◆ **PROBLEM DETAILS**
Begin at the line holding "重庆市第八中学校2024-2025学年高三高考模拟强化训练(一)数学+答案" and set down exactly each line through the last one below, omitting pictures. Include nothing else.

◆ **DATASET**
• • •
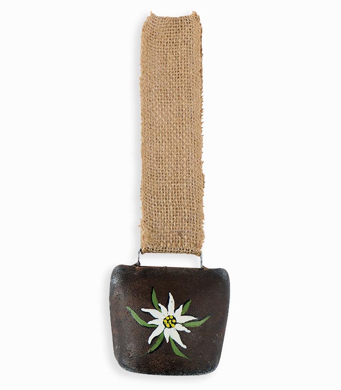 Grosse cloche en métal vieilli avec edelweiss blanc à suspendre
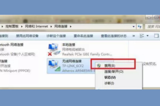 打开电脑的控制面板之后找到“网络和共享中心”,此时点击“更改适配器”之后右键禁用本地连接,同时使用无线网络连接,将本地连接关闭之后再右键打开本地连接,等待无线网络进行连接即可。
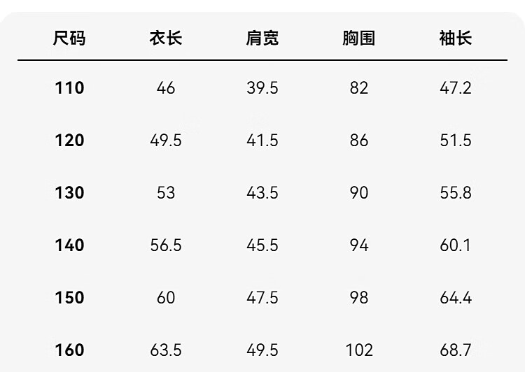 China (cm) 160-165/84-86 165-170 / 88-90 167-172 / 92-96 168-173 / 98-102 170-176 / 106-110
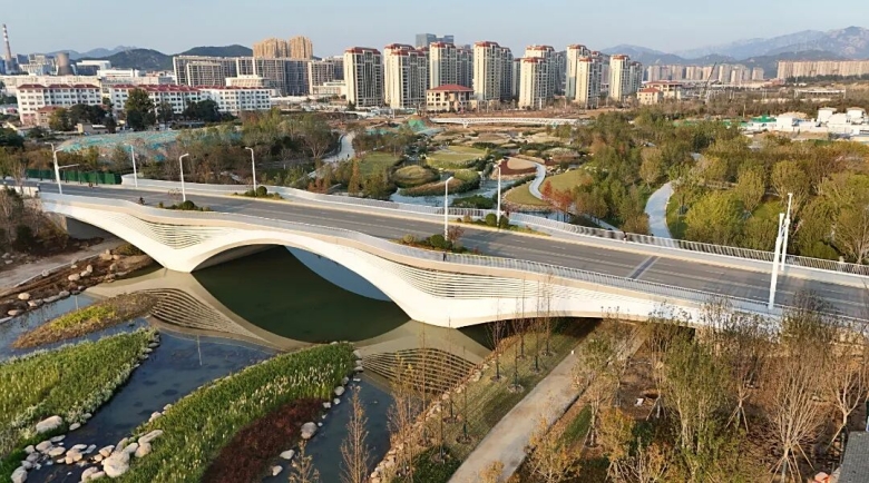 科技園五路橋,名為《漣漪》,橋梁靈感來源于水滴落下的那一瞬間形成的美妙漣漪,橋身勾勒出水滴漣漪蕩漾的紋路,從遠處眺望猶如一片碧波傾灑在水面之上,層層漣漪、海納百川??萍紙@五路橋采用三跨連續(xù)拱型結(jié)構(gòu),跨徑為32.5+50+32.5m。其中主跨跨徑50米,是青島市跨徑最大的現(xiàn)澆混凝土箱型拱橋。拱圈側(cè)面設(shè)計為異形混凝土造型,上部銜接異形漣漪裝飾,中跨墩柱上方設(shè)置4個觀景平臺,是典型具有藝術(shù)感的景觀拱橋。此次施工圍繞橋梁外觀美化與生態(tài)氛圍融合展開,通過定制化的裝飾設(shè)計,將橋梁線條與張村河生態(tài)公園的自然景觀相呼應——橋身采用與周邊綠植、水系相協(xié)調(diào)的色彩搭配,欄桿處增設(shè)簡約大氣的生態(tài)主題裝飾元素,同時優(yōu)化了橋梁夜間照明系統(tǒng),讓橋梁在白天與自然景致渾然一體,夜晚則以柔和燈光勾勒輪廓,成為公園內(nèi)的一處亮眼節(jié)點。
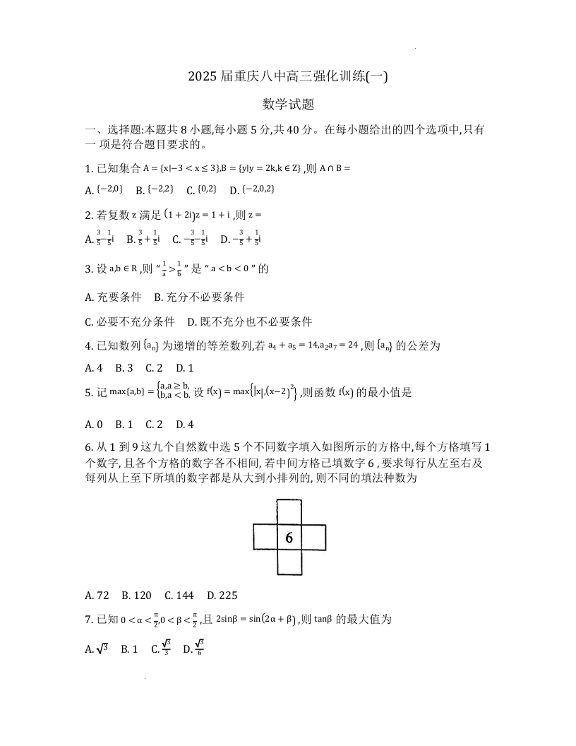 重庆市第八中学校2024-2025学年高三高考模拟强化训练(一)数学+答案
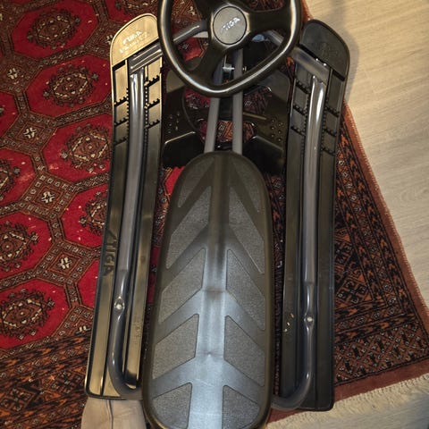 Stiga Curved Pro, defekt kassett til tau, samt sprekk i fram ski. Kan brukes, evt kan nytt kjøpes på Clas Olson. Selges kr 200.
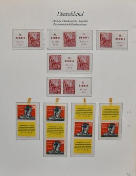 DDR, 1950-1990, umfangreiche, zweibändige Zusammendruck-Sammlung gestempelt, ab ca. 1955 wohl kpl., inkl. 5-Jahresplan, Messe `64, Olympiade `64, Trachten I, Weltraum usw., aber auch davor noch gut gesammelt mit Block-Zus.-Dr. aus Bl. 7, 11, 12, 13, 15, später auch noch mit vielen Viererblock-Kombinationen. Der Katalogwert dürfte bei über 7000,- Euro liegen, gestempelt seltener als postfrisch!
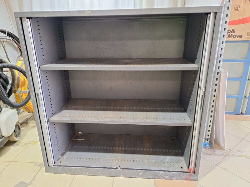 Storage Shed With Shelving, No Key, Metal Style, Silver FinishDimensions H:120.5 W:120cm D:50cm
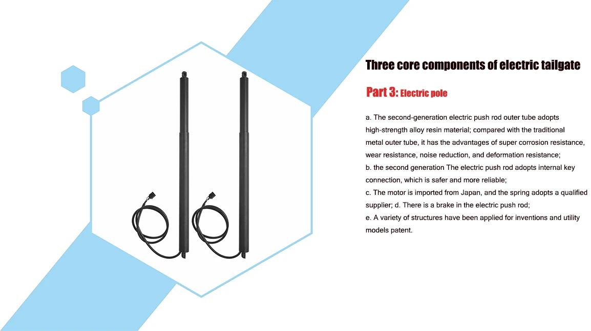 А. Внешняя трубка электрического толкателя второго поколения изготовлена из высокопрочного полимерного материала; По сравнению с традиционной металлической внешней трубкой, она обладает превосходной коррозионной стойкостью, износостойкостью, шумоподавлением, И устойчивость к деформации;
• • •
◆ **THE ANSWER**
 重庆市第八中学校2024-2025学年高三高考模拟强化训练(一)数学+答案
 Stiga Curved Pro, defekt kassett til tau, samt sprekk i fram ski. Kan brukes, evt kan nytt kjøpes på Clas Olson. Selges kr 200.
 DDR, 1950-1990, umfangreiche, zweibändige Zusammendruck-Sammlung gestempelt, ab ca. 1955 wohl kpl., inkl. 5-Jahresplan, Messe `64, Olympiade `64, Trachten I, Weltraum usw., aber auch davor noch gut gesammelt mit Block-Zus.-Dr. aus Bl. 7, 11, 12, 13, 15, später auch noch mit vielen Viererblock-Kombinationen. Der Katalogwert dürfte bei über 7000,- Euro liegen, gestempelt seltener als postfrisch!
 Storage Shed With Shelving, No Key, Metal Style, Silver FinishDimensions H:120.5 W:120cm D:50cm
 А. Внешняя трубка электрического толкателя второго поколения изготовлена из высокопрочного полимерного материала; По сравнению с традиционной металлической внешней трубкой, она обладает превосходной коррозионной стойкостью, износостойкостью, шумоподавлением, И устойчивость к деформации;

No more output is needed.